Not too sure if this is going to be any more helpful. The only way I think you can do it without buying new doors is to cut the cabinets down, obviously that will entail a fair bit of reorganisation of the rest of the kitchen! Ian


----------



## artn (17 Jul 2021)

Thanks you all for the replies.
I think the best way is to buy new doors. Unfortunately cabinet height is 735mm, door height 731mm which is not standard, made to measure cost nearly twice as the standard 715mm doors.

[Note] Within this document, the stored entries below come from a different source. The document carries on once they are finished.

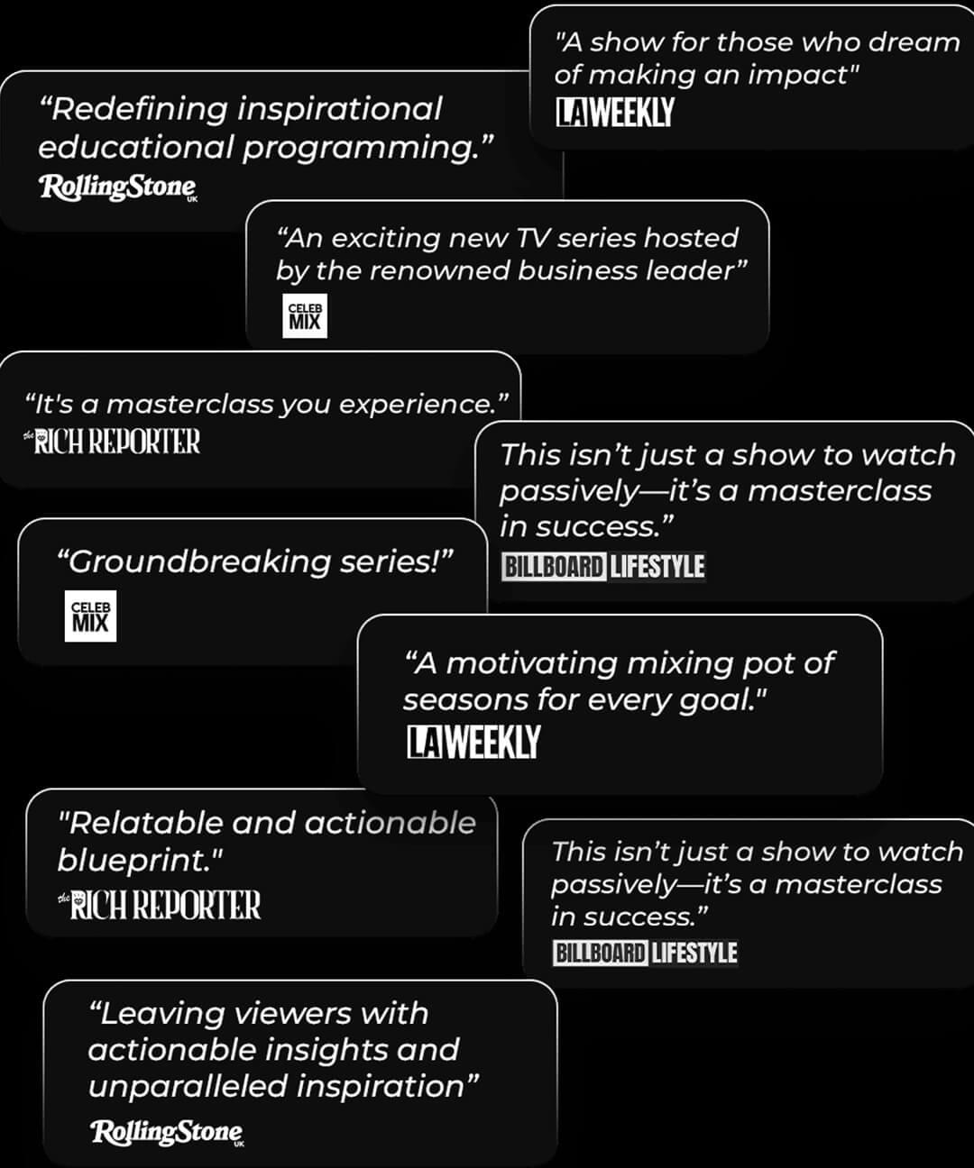 We believe that storytelling through TV is one of the most powerful ways to inspirereal change and leave a lasting impact.Every original production is crafted to spotlight essential causes and spark meaningful conversations, drawing in millions to participate, support, and take action. As the creative force behind today’s thriving brands, we turn entrepreneurs intoindustry icons. Inside Success Studio believes every entrepreneur has a unique story to share.
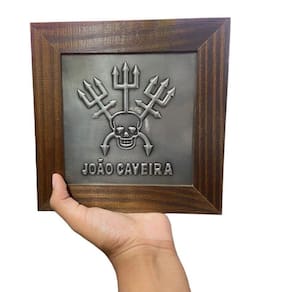 Quadro Exu Joâo Caveira Madeira Imbuia e Metal 18 x18 cm Transforme seu espaço com a presença mística e poderosa de Exu João Caveira neste excepcional quadro artesanal.
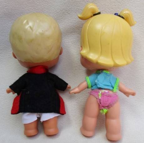 12CM TALL AND JUST TOO CUTE. CHLOE IS DRESSED IN HER ORIGINAL OUTFIT BUT I FOUND CAMERON NAKED AND DRESSED HIM IN WHAT I HAD AVAILABLE. CHLOE HAS A VERY TINY NICK ON HER MIDDLE TOE (LAST IMAGE) OTHER THAN THAT THAT THEY ARE BOTH IN GOOD CONDITION REFER IMAGES
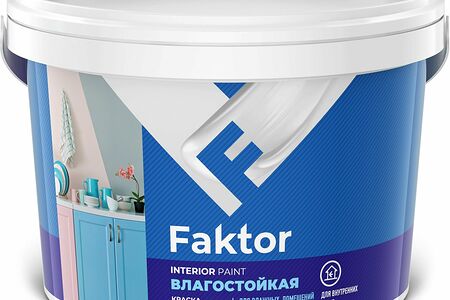 Водно-дисперсионная влагостойкая краска FAKTOR предназначена для окраски стен и потолков внутри помещений с умеренной влажностью. Удобна в работе, легко наносится на гипсокартонные, бетонные, кирпичные, оштукатуренные и зашпатлёванные поверхности, ДСП, ДВП, не образует брызг и подтёков, не мелит. После высыхания образует ровную матовую поверхность белого цвета.
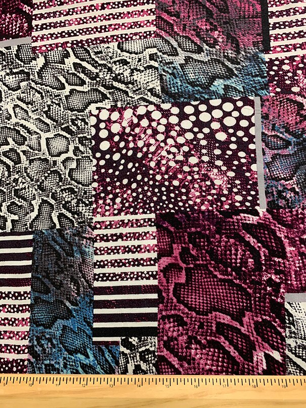 Magenta and Teal Animal Multi Patchwork Print Challis Fabric By the Yard
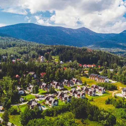 Apartamenty przy ulicy Komuny Paryskiej położone są w spokojnej i pięknej dzielnicy Karpacza, w bliskim sąsiedztwie iglastego lasu. Z obiektu rozpościera się piękny widok na Śnieżkę - najwyższy szczyt Karkonoszy. Jest to lokalizacja idealna dla osób szukających ciszy i spokoju. Bliskość przyrody pozwoli na chwilę relaksu i wytchnienia. Domki są oddalone od siebie, co zapewnia naszym Gościom prywatność.
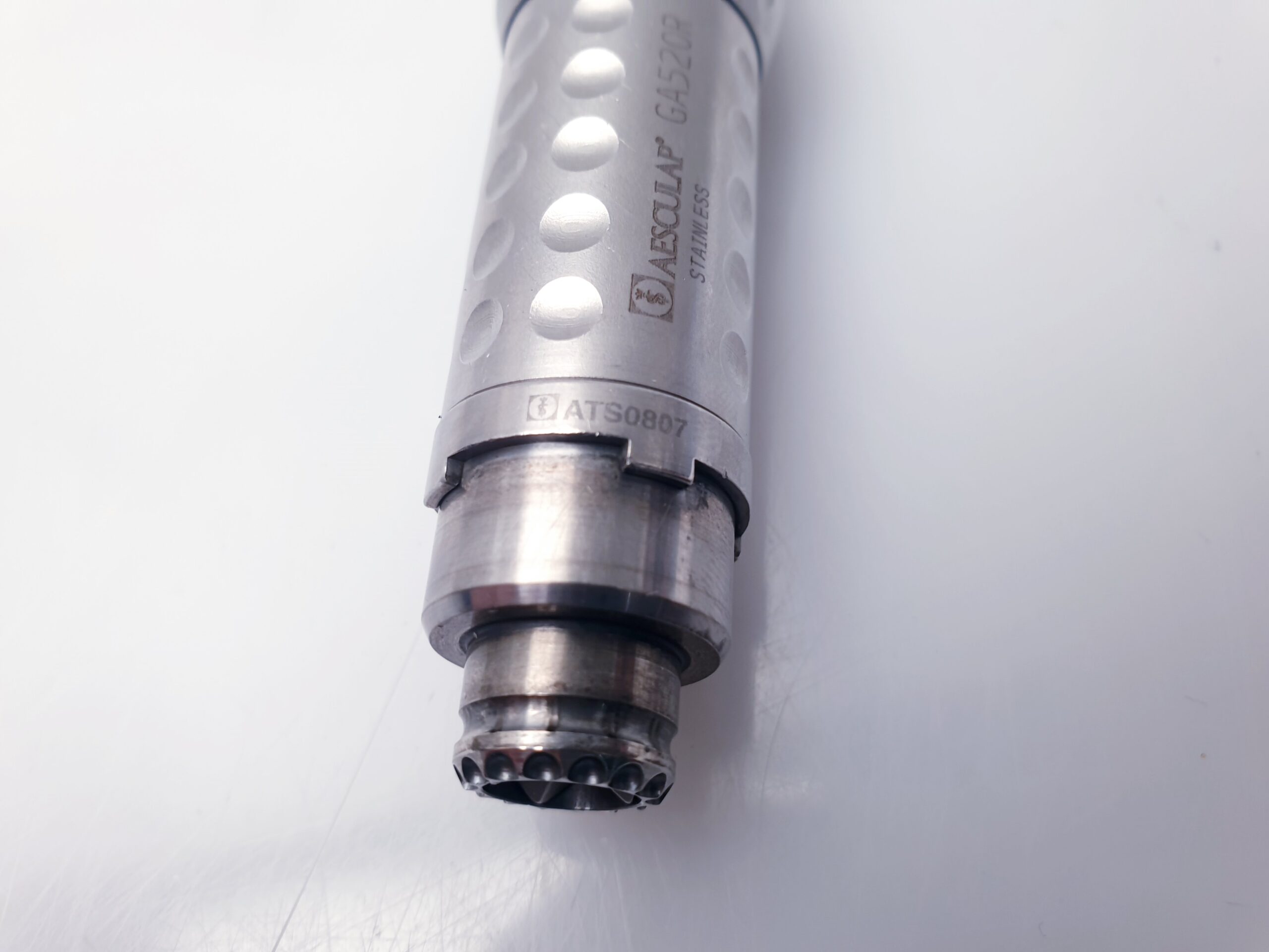 Die Bezeichnungen GA520R und GA 520 R beziehen sich auf denselben Aufsatztyp innerhalb des modularen Aesculap-Systems. Er dient als Schnittstelle zwischen dem Druckluftmotor und dem eigentlichen chirurgischen Werkzeug (z. B. Fräser oder Bohrer).
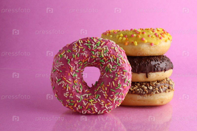 Сладкий натюрмортный пончик берлинер крупным планом сзади лежит стопка из трех пончиков шоколадно-розово-желтого цвета на ярко-розовом фоне цветов фуксии с местом для текста и cpixpe для кафе для постельных принадлежностей для клея
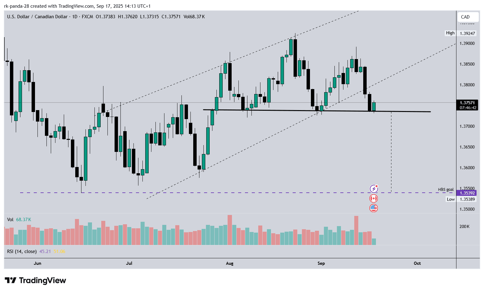 пока цена двигалась, нарисовался восходящий клин.. внимательно следил за ним, ожидая пробой наверх, и отработку цели по дневном тайсфрэйму..
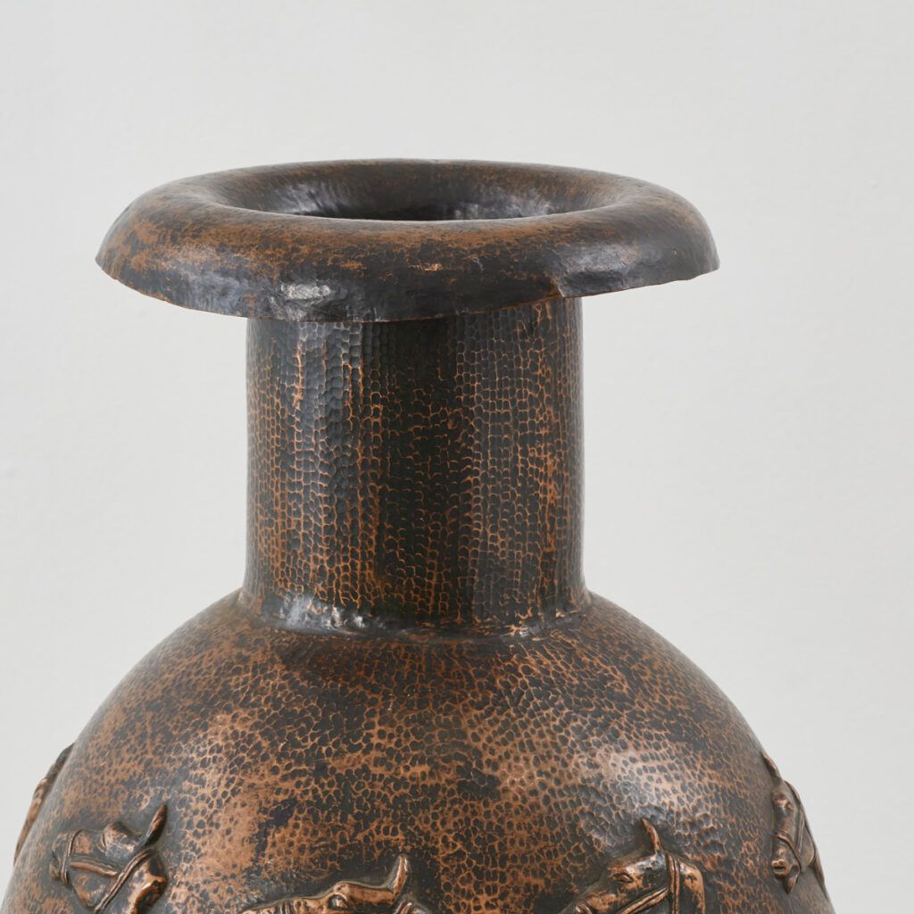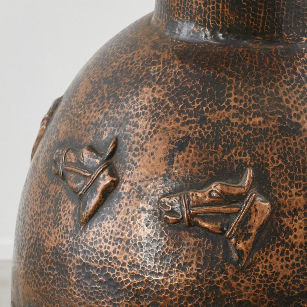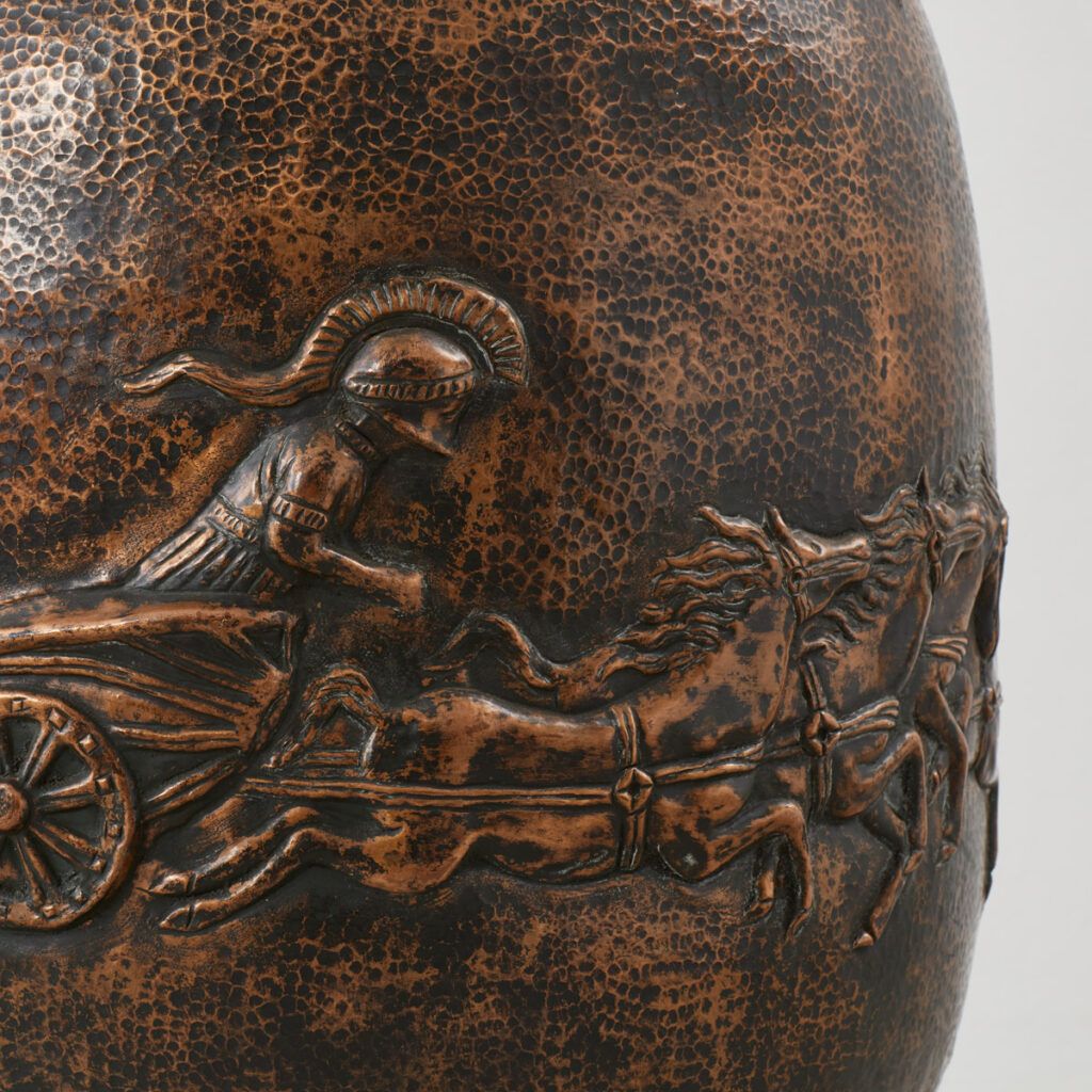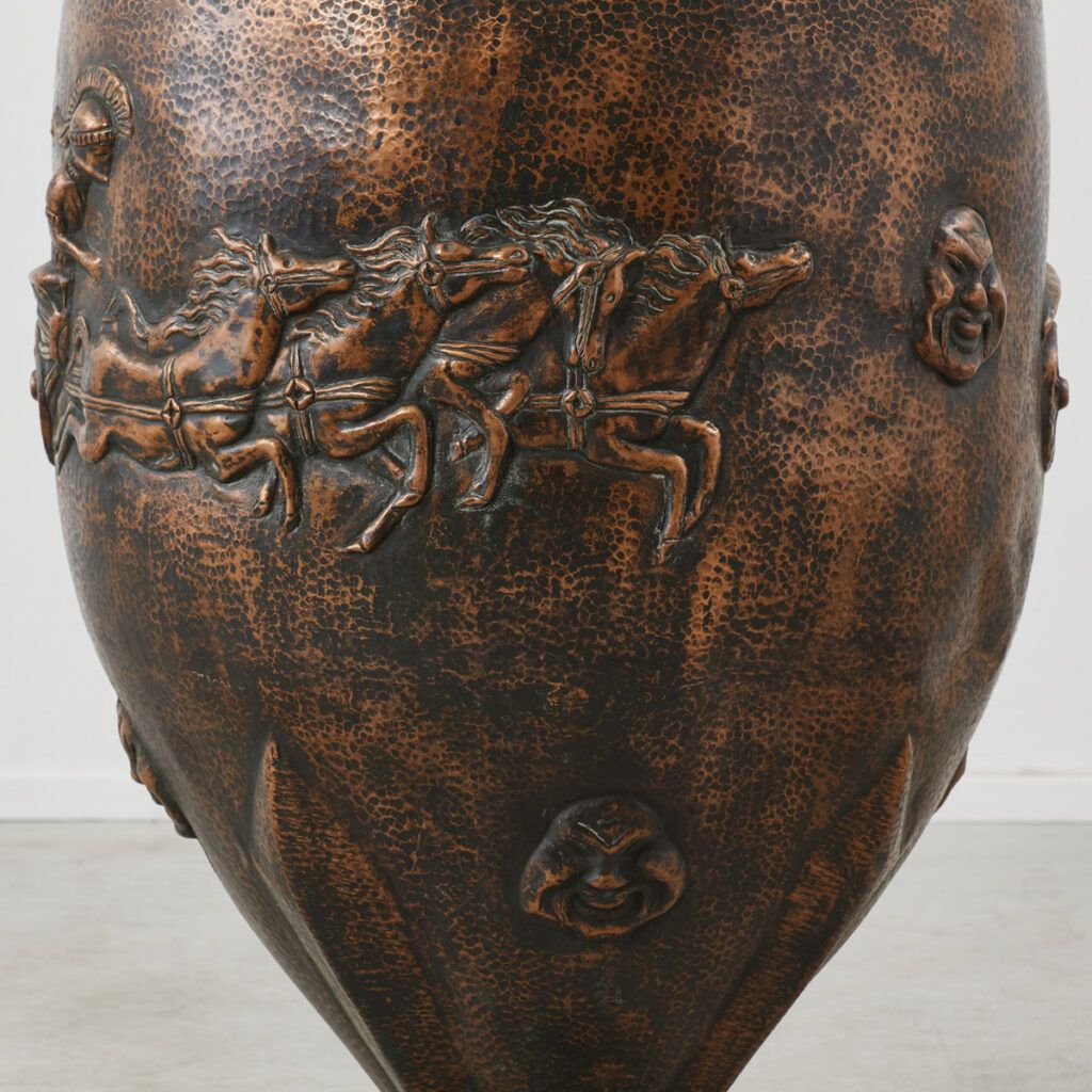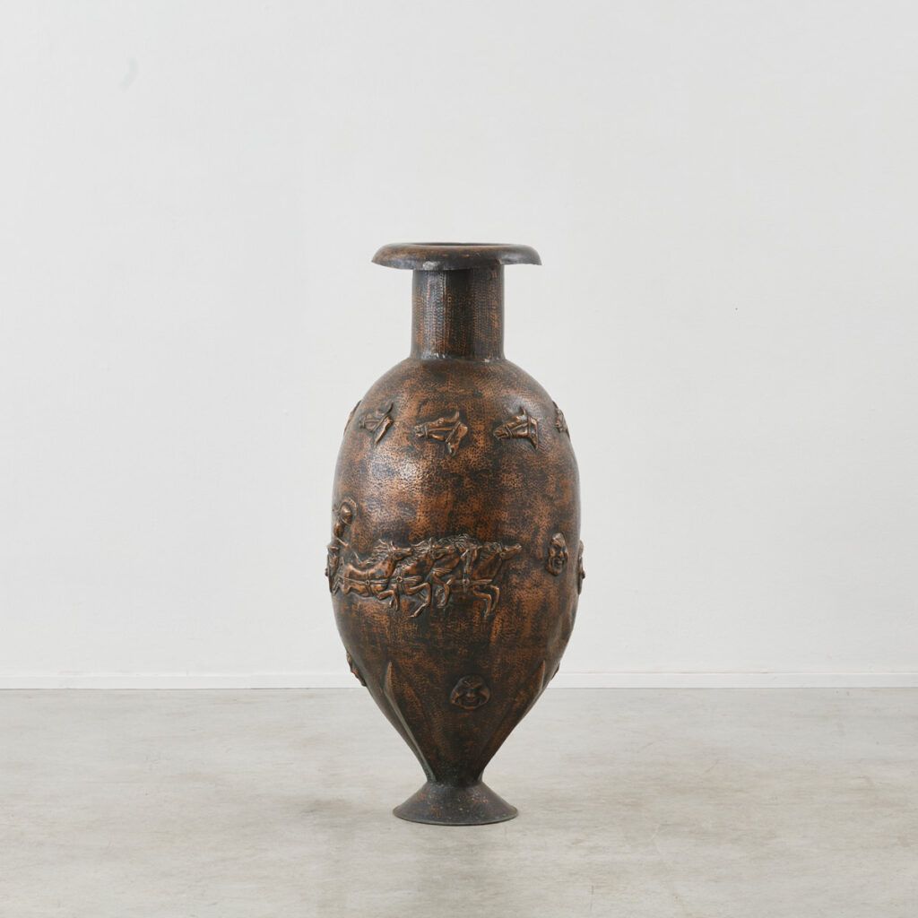 With its elegant straight neck and ovoid body, this rare oversized Bragalini vase is distinctly urn-like. The burnished copper surface is wrapped in figurative motifs of Roman chariot racers and horses, while four sword-like elements emerge from the flared base.

Would it matter if door thickness is 22mm? Would I still need 300mm width?


----------



## doctor Bob (17 Jul 2021)

move the doors in 15mm and put a filler piece on the carcass each side of the unit.


----------



## novocaine (17 Jul 2021)

Ikea doors are 800mm. Iron on edge banding is dirt cheap.


----------



## artn (17 Jul 2021)

I should have said it's for a kitchen and it's J profile (jayline) white gloss so has to match.


----------



## artn (17 Jul 2021)

Will this work?
Buy a ready made of the shelf matching door but taller and 4mm less width, which is 895mm x 296 mm comes as standard size, trim the height to the required 731mm and paint the top (can't be seen anyway for a wall unit)? Still cost half price of the made to measure.


----------



## dickm (18 Jul 2021)

Distinterior said:


> That looks bleeding awful...!! ^^^^ Bi-folded looks so much better


Not THAT awful! Suspect it's just that that particular example is too heavy and clunky. Our current kitchen has something similar, but much lighter and IMHO, looks at least acceptable. Made bifold doors for the same situation in previous kitchen; looked OK, but with wear in the hinges to the cabinet, began to droop and look untidy. On balance, I'd go for a better designed version of the filler piece in the picture. Much easier and if the OP doesn't like it, it can "fill the gap" till something better turns up.


----------



## artn (18 Jul 2021)

I have 3 options:
1. Buy ready made taller door, trim from the top
2. Buy ready made 16mm shorter door 
3. Buy custom size (cost twice)

cabinet frame thickness is 18mm

Which option is recommended?


----------



## Distinterior (18 Jul 2021)

It may or may not help you in your search for a pair of suitable doors.....but Wickes kitchen cabinets are 735mm high with 731mm high doors on them.
It may be worth enquiring with them to see if they do a correct height & width in a J handle profile...??


----------



## artn (18 Jul 2021)

Distinterior said:


> It may or may not help you in your search for a pair of suitable doors.....but Wickes kitchen cabinets are 735mm high with 731mm high doors on them.
> It may be worth enquiring with them to see if they do a correct height & width in a J handle profile...??


I have looked there but they don't sell doors separately, I have to buy 2 wall units 300mm wide which is not economical and lesser quality, they only sell appliance doors, I asked them but couldn't help.


----------